Frequently asked questions
- What is a straddle on EZA?
- A straddle on EZA is the straddle strategy applied to EZA (etf). The strategy is structurally neutral / high-volatility (long premium): A long straddle buys an ATM call and an ATM put at the same strike, profiting from a large move in either direction; max loss equals the combined debit when the underlying pins to the strike at expiration. With EZA etf trading near $67.50, the strikes shown on this page are snapped to the nearest listed EZA chain strike and the premiums come straight from the end-of-day bid/ask midpoint.
- How are EZA straddle max profit and max loss calculated?
- Upside max profit is unbounded; downside max profit is bounded at the strike minus the combined call plus put debit (reached at zero). Max loss equals the combined debit times 100 (reached when the underlying pins to the strike). Two breakevens at strike plus debit and strike minus debit. For the EZA straddle priced from the end-of-day chain at a 30-day expiry (ATM IV 46.30%), the computed maximum profit is unbounded per contract and the computed maximum loss is -$700.92 per contract. Live intraday quotes will differ as the chain moves through the trading session.
- What is the breakeven for a EZA straddle?
- The breakeven for the EZA straddle priced on this page is roughly $59.83 and $74.18 at expiration, derived from end-of-day chain premiums. Breakeven is the underlying price at which the strategy's P&L crosses zero ignoring transaction costs and assignment risk. The current EZA market-implied 1-standard-deviation expected move is approximately 13.27%; if the move sits well outside the breakeven distance, the structure's risk-reward becomes correspondingly tighter.

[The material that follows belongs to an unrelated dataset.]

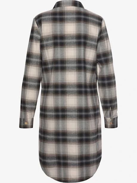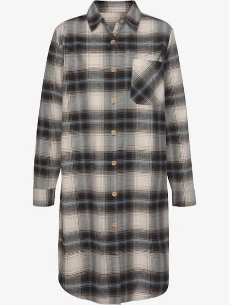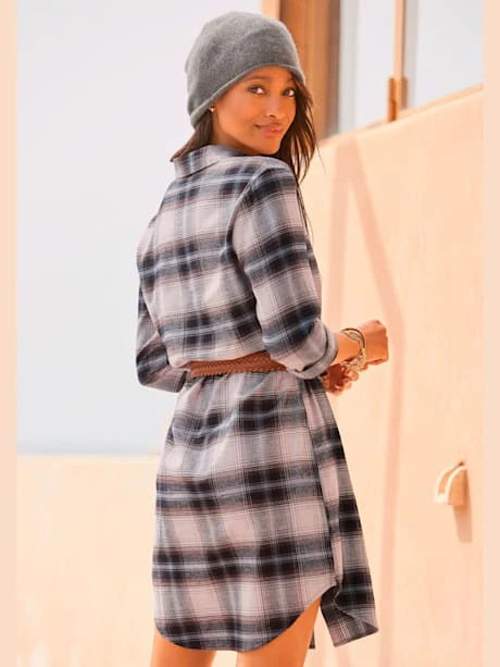 Robe en flanelle Buffalo tendance. Col chemisier. Manches longues avec manchettes. Fermeture : patte de boutonnage devant. Ourlet arrondi. Coupe droite flatteuse. Matière douce légèrement grattée.

- When should you consider a straddle on EZA?
- Straddles on EZA are pure-volatility plays that profit from large moves in either direction; traders typically buy EZA straddles ahead of earnings, FDA decisions, or other catalysts where the realized move is expected to exceed the implied move priced into the chain.
- How does current EZA implied volatility affect this straddle?
- EZA ATM IV is at 46.30% with IV rank near 70.23%, which is elevated relative to its 1-year range. Premium-selling structures (covered call, cash-secured put, iron condor) generally look more attractive when IV rank is high; premium-buying structures (long call, long put, debit spreads) are more expensive in that regime.